WORK ITEM =>
Shown below is a listing with pictures; reproduce exactly, and only, the lines between the ones containing "Die Aufgabe: lest" and "Lisieux College of", inclusive, leaving the pictures out.

EXERCISE DATA =>
*** Block opens ***

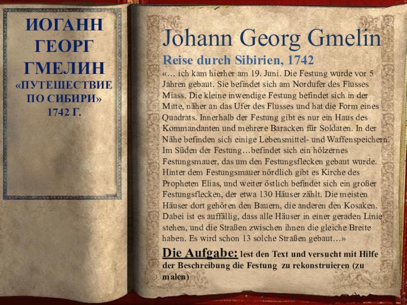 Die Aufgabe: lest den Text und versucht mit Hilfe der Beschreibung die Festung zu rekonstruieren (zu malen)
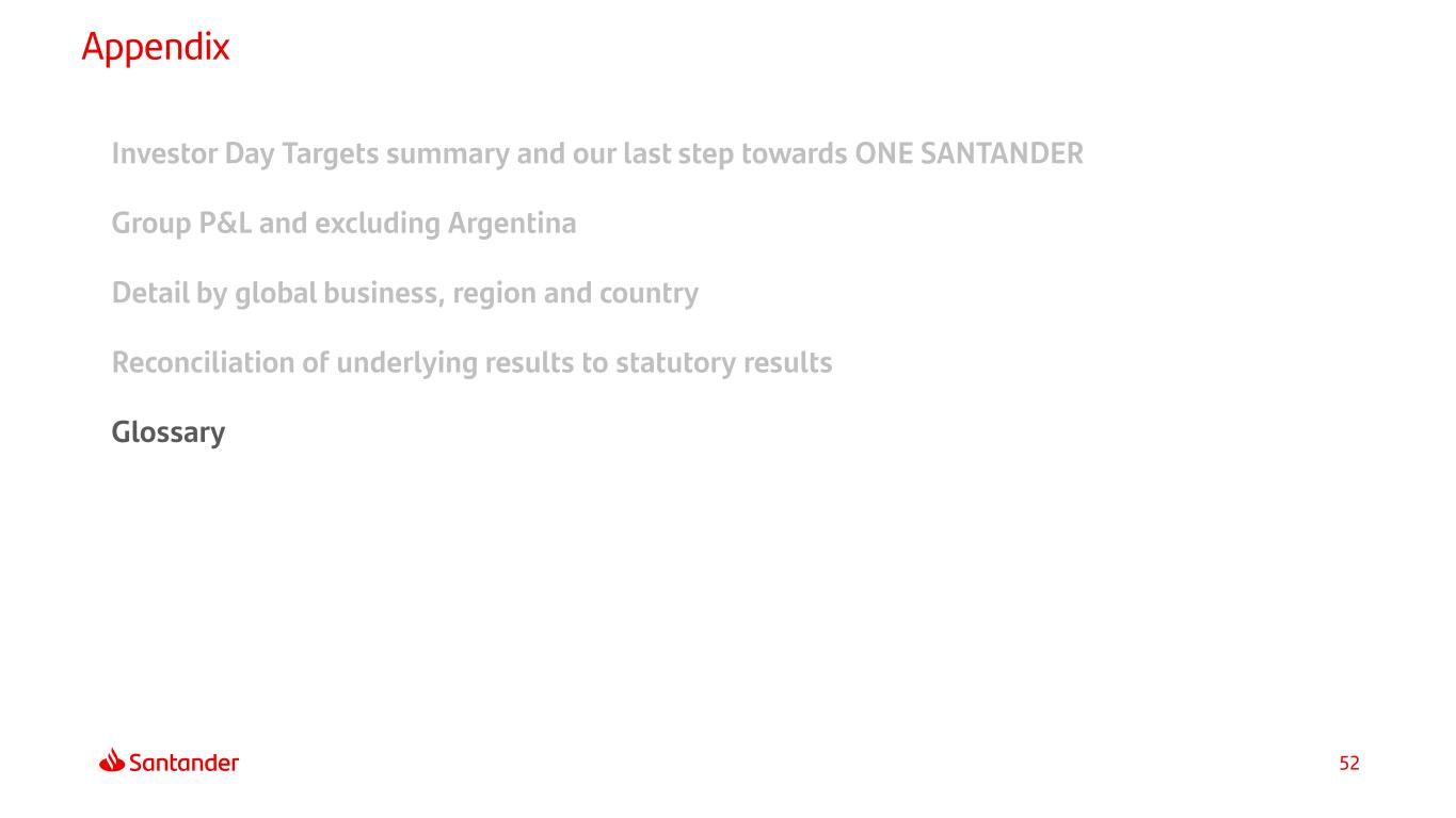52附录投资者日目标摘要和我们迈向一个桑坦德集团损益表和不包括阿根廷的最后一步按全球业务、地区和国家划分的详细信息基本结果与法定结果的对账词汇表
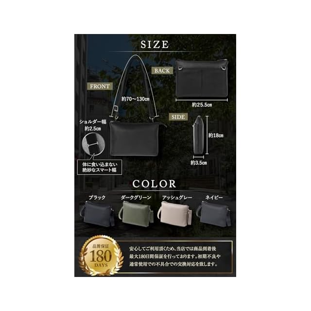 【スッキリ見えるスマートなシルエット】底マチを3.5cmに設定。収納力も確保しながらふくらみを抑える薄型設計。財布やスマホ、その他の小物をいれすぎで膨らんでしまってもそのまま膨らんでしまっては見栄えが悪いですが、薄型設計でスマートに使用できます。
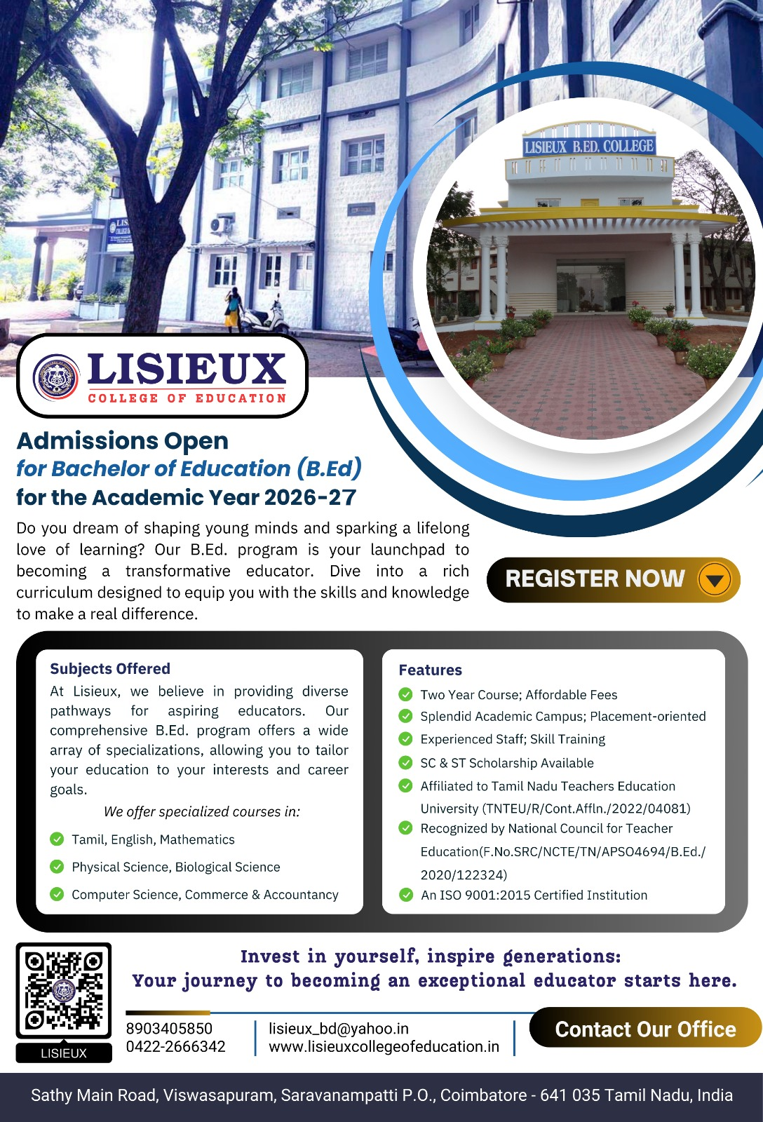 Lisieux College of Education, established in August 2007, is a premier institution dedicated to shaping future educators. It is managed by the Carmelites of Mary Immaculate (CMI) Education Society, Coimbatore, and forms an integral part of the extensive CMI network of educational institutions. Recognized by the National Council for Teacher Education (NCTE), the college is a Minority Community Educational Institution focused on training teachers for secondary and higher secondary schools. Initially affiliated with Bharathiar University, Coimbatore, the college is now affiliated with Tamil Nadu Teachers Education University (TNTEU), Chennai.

*** Block closes ***
*** Block opens ***

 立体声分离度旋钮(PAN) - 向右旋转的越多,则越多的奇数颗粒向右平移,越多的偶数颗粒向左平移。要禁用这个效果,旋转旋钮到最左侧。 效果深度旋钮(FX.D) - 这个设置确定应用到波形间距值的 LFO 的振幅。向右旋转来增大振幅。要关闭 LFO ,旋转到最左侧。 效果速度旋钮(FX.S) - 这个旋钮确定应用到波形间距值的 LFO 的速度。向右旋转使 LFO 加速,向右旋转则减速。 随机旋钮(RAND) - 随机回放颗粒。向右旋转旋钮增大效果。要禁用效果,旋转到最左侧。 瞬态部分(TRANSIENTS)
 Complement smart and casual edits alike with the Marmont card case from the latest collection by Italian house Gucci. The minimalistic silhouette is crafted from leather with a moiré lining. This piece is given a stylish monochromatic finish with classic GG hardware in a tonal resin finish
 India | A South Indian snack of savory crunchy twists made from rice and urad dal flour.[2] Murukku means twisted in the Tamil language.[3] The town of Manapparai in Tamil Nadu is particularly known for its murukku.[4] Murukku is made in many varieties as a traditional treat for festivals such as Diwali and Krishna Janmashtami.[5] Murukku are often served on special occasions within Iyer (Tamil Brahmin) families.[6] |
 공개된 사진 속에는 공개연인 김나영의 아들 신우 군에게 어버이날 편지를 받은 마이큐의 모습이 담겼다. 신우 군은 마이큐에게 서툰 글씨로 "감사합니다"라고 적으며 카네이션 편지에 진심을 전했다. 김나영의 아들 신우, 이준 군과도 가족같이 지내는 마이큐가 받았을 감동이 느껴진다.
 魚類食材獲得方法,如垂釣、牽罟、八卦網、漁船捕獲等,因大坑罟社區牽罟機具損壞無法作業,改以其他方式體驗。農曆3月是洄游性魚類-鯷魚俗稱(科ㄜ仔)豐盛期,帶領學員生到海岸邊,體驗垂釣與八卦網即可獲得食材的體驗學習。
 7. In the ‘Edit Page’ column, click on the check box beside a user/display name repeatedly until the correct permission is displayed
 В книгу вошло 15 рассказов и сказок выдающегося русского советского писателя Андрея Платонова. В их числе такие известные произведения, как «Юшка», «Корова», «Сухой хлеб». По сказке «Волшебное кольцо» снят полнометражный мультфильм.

*** Block closes ***
*** Block opens ***

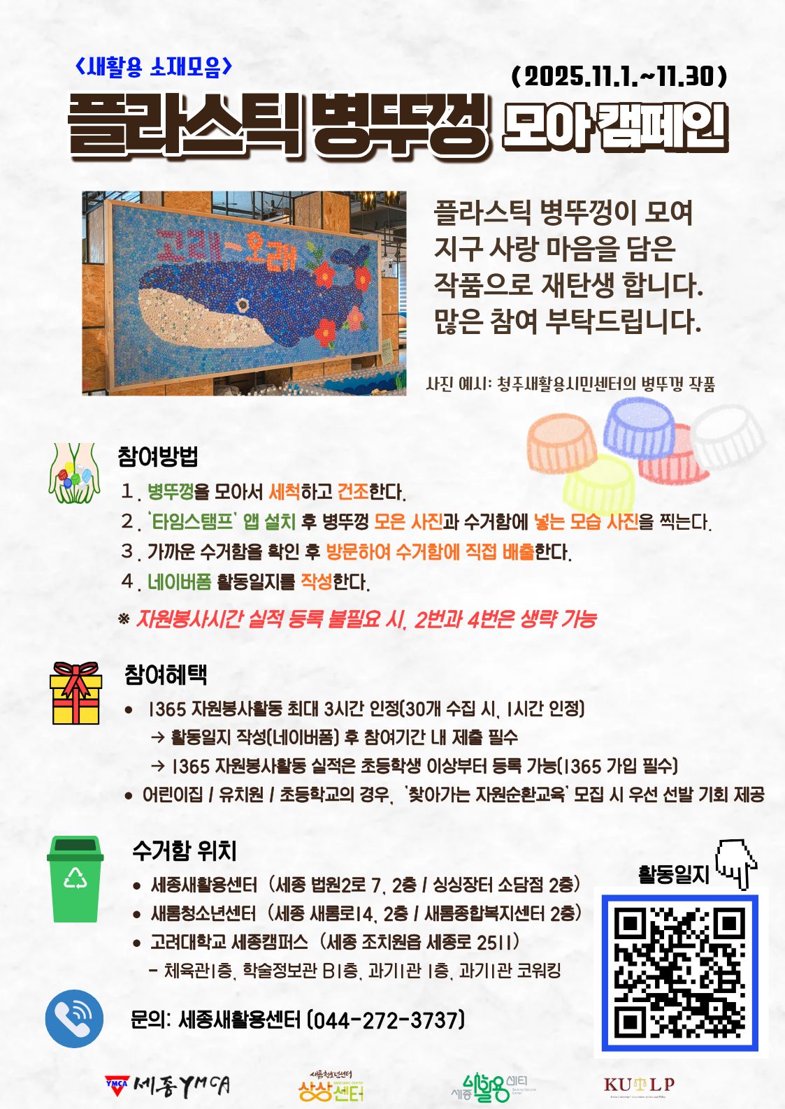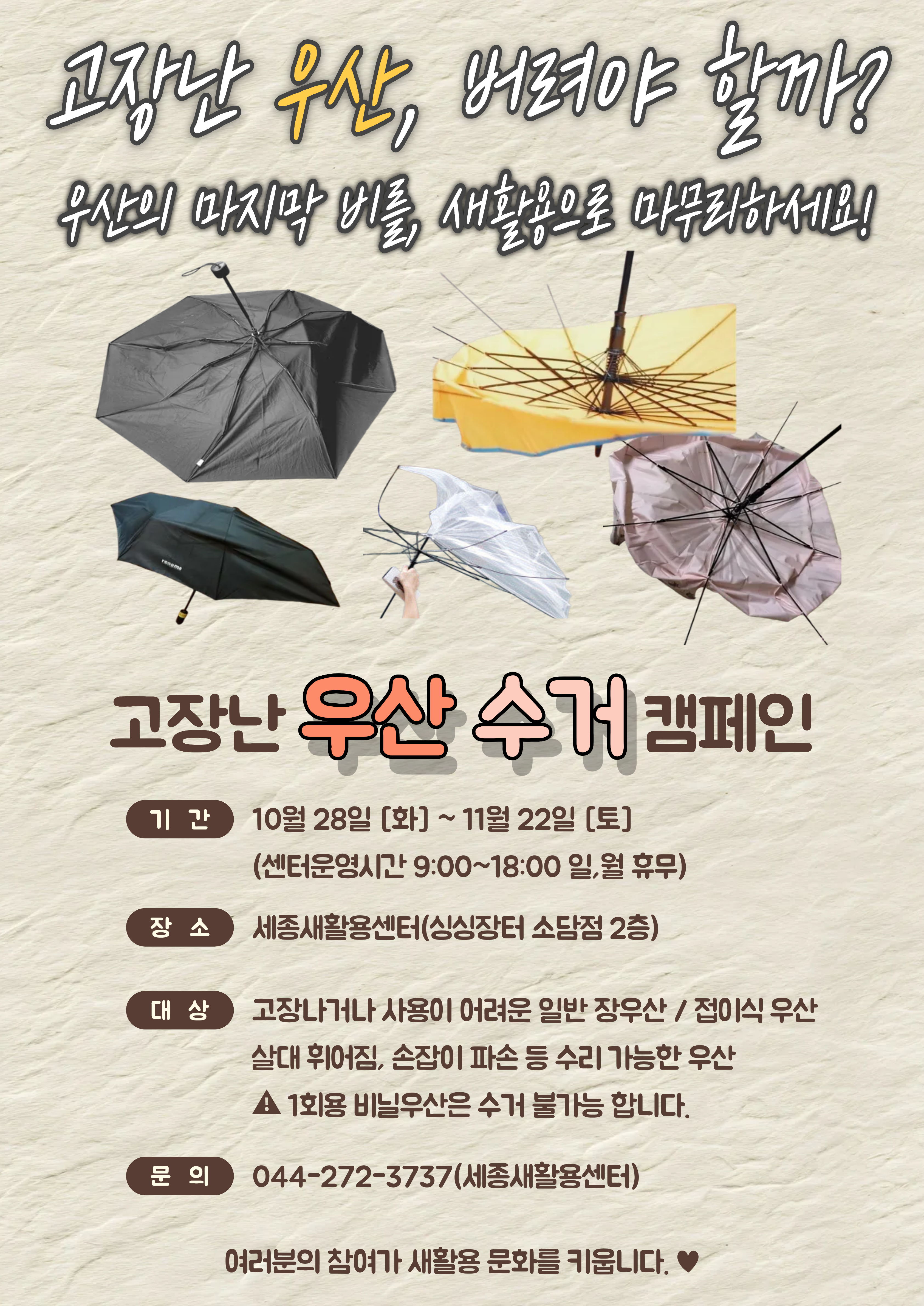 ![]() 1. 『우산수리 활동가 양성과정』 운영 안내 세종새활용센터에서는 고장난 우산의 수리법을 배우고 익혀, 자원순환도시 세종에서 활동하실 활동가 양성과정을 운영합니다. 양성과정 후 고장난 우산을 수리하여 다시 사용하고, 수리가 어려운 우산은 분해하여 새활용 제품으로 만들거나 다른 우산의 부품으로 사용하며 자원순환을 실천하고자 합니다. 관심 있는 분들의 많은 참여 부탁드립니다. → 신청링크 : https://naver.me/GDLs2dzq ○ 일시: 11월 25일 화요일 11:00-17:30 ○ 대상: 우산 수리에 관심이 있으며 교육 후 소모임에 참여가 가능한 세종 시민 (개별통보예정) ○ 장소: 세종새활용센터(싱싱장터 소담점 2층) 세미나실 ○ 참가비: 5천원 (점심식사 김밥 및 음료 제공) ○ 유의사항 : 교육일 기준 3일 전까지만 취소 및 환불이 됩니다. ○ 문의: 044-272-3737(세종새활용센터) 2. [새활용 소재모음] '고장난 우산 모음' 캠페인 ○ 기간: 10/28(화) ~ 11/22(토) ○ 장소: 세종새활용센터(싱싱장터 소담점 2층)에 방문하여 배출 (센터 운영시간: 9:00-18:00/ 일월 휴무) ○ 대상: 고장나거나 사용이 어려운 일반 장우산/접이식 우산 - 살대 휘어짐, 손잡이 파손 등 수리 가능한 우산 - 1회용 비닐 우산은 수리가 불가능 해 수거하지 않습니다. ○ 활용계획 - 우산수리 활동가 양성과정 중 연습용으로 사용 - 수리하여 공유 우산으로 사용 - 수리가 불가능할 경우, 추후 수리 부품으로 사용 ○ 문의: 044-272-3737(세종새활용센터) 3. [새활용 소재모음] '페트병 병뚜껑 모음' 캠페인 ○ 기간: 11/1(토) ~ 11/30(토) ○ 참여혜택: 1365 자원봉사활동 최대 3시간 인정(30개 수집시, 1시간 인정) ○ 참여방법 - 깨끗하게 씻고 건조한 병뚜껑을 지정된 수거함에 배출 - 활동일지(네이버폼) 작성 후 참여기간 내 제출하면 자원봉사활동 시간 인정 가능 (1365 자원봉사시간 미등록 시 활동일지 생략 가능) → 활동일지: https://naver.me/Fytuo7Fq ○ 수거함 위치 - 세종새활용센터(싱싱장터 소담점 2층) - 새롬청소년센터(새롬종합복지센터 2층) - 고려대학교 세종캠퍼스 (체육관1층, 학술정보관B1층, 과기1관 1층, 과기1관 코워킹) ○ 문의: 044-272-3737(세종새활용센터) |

*** Block closes ***

THE COMPLETED TASK =>
 Die Aufgabe: lest den Text und versucht mit Hilfe der Beschreibung die Festung zu rekonstruieren (zu malen)
52附录投资者日目标摘要和我们迈向一个桑坦德集团损益表和不包括阿根廷的最后一步按全球业务、地区和国家划分的详细信息基本结果与法定结果的对账词汇表
 【スッキリ見えるスマートなシルエット】底マチを3.5cmに設定。収納力も確保しながらふくらみを抑える薄型設計。財布やスマホ、その他の小物をいれすぎで膨らんでしまってもそのまま膨らんでしまっては見栄えが悪いですが、薄型設計でスマートに使用できます。
 Lisieux College of Education, established in August 2007, is a premier institution dedicated to shaping future educators. It is managed by the Carmelites of Mary Immaculate (CMI) Education Society, Coimbatore, and forms an integral part of the extensive CMI network of educational institutions. Recognized by the National Council for Teacher Education (NCTE), the college is a Minority Community Educational Institution focused on training teachers for secondary and higher secondary schools. Initially affiliated with Bharathiar University, Coimbatore, the college is now affiliated with Tamil Nadu Teachers Education University (TNTEU), Chennai.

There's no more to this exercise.